Cet homme était grand, très grand, peut-être un peu trop. Comme on peut très bien l’imaginer après avoir lu de nombreux livres avec des bad boys sauf que lui, il était vrai. Un tatouage partant de la nuque sans savoir où il se termine, des yeux gris, pas noir mais gris, des cheveux foncés en dégradé avec une petite mèche tombant sur le devant. J’étais tellement occupée à l’observer que j’en ai oublié sa phrase. Bordel !

- C’est ici que ça se passe. Me dit-il en pointant son visage.

- Pardon.
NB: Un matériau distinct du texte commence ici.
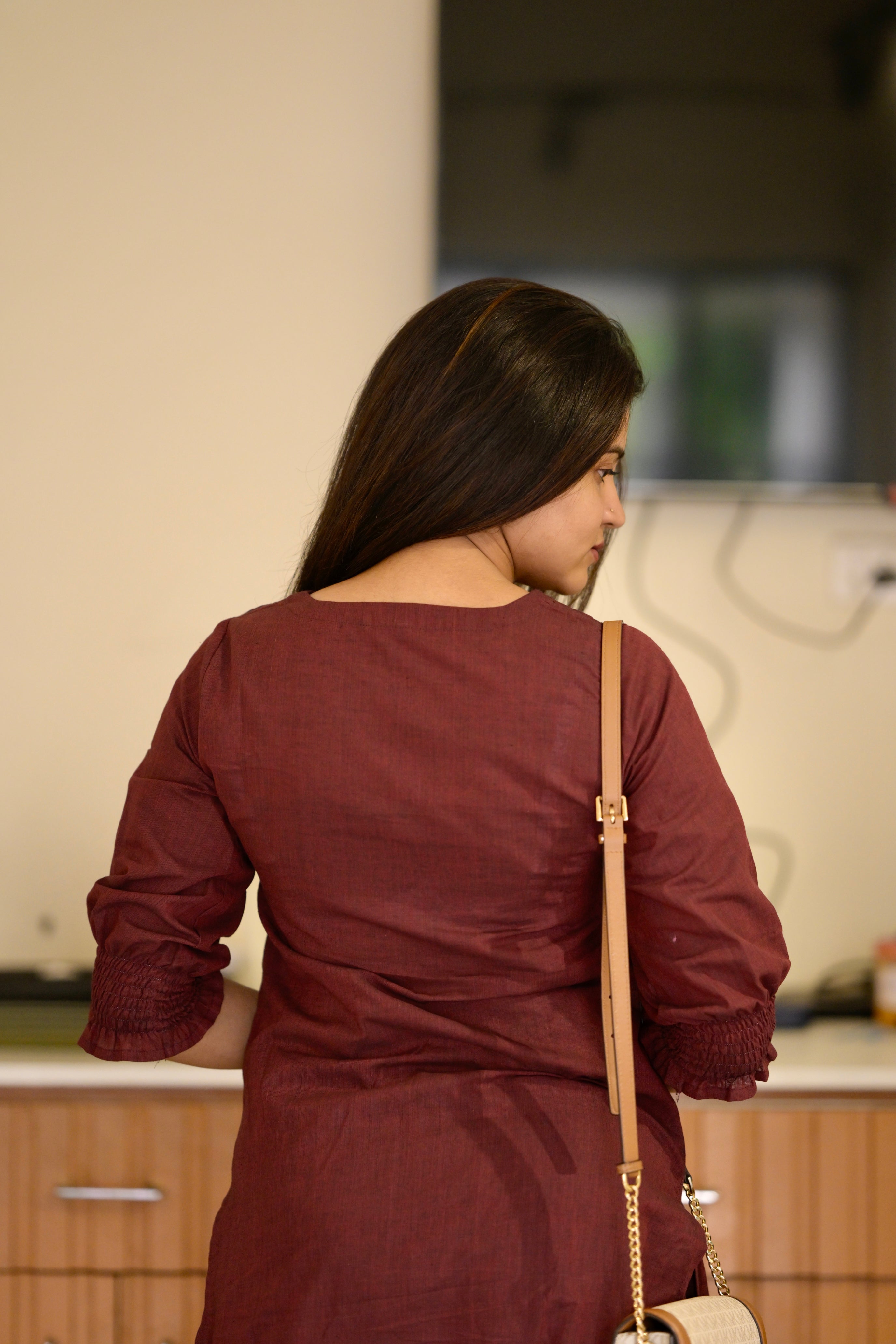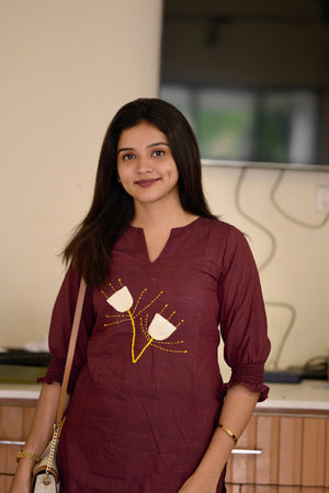Savanna (brown) - Cotton flex co-ord set with appliqué work in brown

Je n’avais pas vu.

- Fais attention la prochaine fois, je ne serais pas toujours le gentil homme que tu peux bousculer comme tu veux.
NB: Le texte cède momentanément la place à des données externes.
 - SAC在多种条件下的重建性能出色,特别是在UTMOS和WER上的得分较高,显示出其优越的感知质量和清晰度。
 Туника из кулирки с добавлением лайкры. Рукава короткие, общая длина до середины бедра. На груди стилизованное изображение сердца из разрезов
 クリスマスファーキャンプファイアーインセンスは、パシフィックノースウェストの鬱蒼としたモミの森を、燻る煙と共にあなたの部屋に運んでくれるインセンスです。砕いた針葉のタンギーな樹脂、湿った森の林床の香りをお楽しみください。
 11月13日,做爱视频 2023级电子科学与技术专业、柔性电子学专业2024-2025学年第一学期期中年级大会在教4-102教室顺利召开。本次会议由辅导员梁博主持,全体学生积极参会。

Je n’ai même pas eu le temps de lui répondre qu’il partait déjà, me laissant en plein milieu du trottoir, ne comprenant pas tout à fait ce que voulait dire cette phrase.

Arrête de réfléchir et va chercher cette putain de pizza.

La pizza récupérée, je fonce vers mon appartement, la pluie a décidé de s’inviter pendant le peu de temps que je passais à payer mon repas. Ces cinq cents mètres ont réussis à tremper le carton et à refroidir ce que j’appelais encore mon festin. Je ne pourrais donc rien manger aujourd’hui on dirait.

La pizza est tiède mais je l’engoufre quand-même. Je ne pouvais pas m’empêcher de penser à ce qu’avait dit cet homme charismatique tout à l’heure. ”Je ne serais pas toujours le gentil homme" mais que veut dire cette phrase ?

Ce soir c’est la finale de foot alors je ne peux pas espérer le moindre message de Thomas, il est tellement obstiné par un ballon que je finis par me demander si il ne vaudrait pas mieux pour moi de l’acceuillir avec des sous-vêtements imprimés ballon de foot. Je déteste ce sport, quel est l’intérêt de rester assis dans un fauteuil pendant au moins nonantes minutes à regarder des hommes courrir. Bien que, je dois l’avouer, certains de ces hommes pourraient très bien jouer dans un porno que je regarderais sans souci.

Je suis en manque. Je suis tendue et l’homme que j’ai bousculé m’a tendu encore plus. Ressaisis-toi. Thomas revient dans deux semaines. Ce n’est rien deux semaines quand on compare ça à une vie entière mais il part tellement souvent que parfois j’ai de gros doutes qu’il s’en aille uniquement pour le travail. J’ai déjà lu quelques messages dans son téléphone pour comprendre qu’il n’y a pas que moi quand il voyage. J’ai fini par m’y habituder, après tout il est loin et ce n’est pas comme si on vivait ensemble, une raison totalement débile que je n’aurais jamais du avoir. J’aurais dû le quitter dès le premier message, je sais, mais je reste. Je ne sais pas pourquoi mais je reste.

Je finis quand-même devant le foot, une main dans le pantalon en imaginant certains joueurs faire autre chose que courrir après un ballon. L’homme de tout à l’heure interrompt chacune de mes pensées, je l’imagine à genoux devant moi, en train de me dévorer, de me détruire à coups de langue et je savoure ça. Je ne sais pas qui il est, son nom, je ne connais rien de lui mais je pense si fort à sa langue que je mouille ce fichu jean enfilé pour une pizza quatre fromages.